- _PROBLEM_
Retype only the lines below from the one with "After Grimshaw's return" to the one with "کفش آل استار", inclusive, skipping every image.

- _DATA EXTRACTS_
== Segment start ==
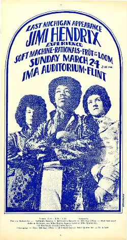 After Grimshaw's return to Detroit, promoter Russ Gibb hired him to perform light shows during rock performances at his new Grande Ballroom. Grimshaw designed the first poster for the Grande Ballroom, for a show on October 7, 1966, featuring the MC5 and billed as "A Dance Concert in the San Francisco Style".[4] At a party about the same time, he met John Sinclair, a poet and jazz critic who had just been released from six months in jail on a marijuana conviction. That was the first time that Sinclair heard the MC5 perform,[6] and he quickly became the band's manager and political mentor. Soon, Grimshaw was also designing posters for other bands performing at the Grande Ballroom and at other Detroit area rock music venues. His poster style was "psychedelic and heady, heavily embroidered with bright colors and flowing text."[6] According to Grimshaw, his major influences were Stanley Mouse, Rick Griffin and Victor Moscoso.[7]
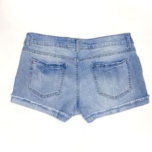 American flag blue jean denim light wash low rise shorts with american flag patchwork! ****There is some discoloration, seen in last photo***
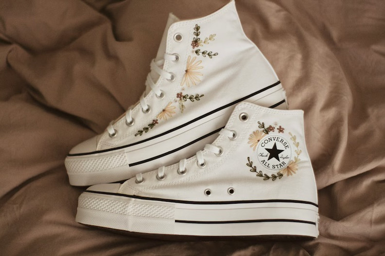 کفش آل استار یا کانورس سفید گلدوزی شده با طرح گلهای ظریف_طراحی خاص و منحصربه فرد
== Segment end ==
== Segment start ==
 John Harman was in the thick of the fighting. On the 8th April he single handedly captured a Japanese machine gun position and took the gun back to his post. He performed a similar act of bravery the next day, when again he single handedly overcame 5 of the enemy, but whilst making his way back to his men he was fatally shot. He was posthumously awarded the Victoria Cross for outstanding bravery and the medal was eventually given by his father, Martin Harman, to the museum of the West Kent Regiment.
== Segment end ==
== Segment start ==
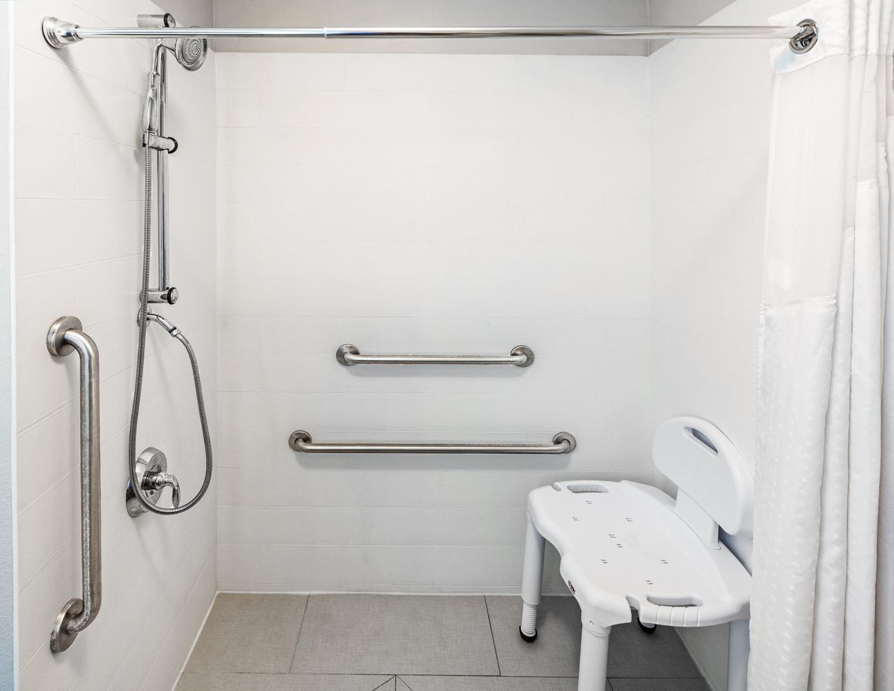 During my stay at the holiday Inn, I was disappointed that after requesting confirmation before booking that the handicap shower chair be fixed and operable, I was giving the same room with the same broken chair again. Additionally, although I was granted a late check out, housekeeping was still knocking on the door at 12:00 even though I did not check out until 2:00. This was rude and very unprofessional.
== Segment end ==
- _WORKED SOLUTION_
 After Grimshaw's return to Detroit, promoter Russ Gibb hired him to perform light shows during rock performances at his new Grande Ballroom. Grimshaw designed the first poster for the Grande Ballroom, for a show on October 7, 1966, featuring the MC5 and billed as "A Dance Concert in the San Francisco Style".[4] At a party about the same time, he met John Sinclair, a poet and jazz critic who had just been released from six months in jail on a marijuana conviction. That was the first time that Sinclair heard the MC5 perform,[6] and he quickly became the band's manager and political mentor. Soon, Grimshaw was also designing posters for other bands performing at the Grande Ballroom and at other Detroit area rock music venues. His poster style was "psychedelic and heady, heavily embroidered with bright colors and flowing text."[6] According to Grimshaw, his major influences were Stanley Mouse, Rick Griffin and Victor Moscoso.[7]
 American flag blue jean denim light wash low rise shorts with american flag patchwork! ****There is some discoloration, seen in last photo***
 کفش آل استار یا کانورس سفید گلدوزی شده با طرح گلهای ظریف_طراحی خاص و منحصربه فرد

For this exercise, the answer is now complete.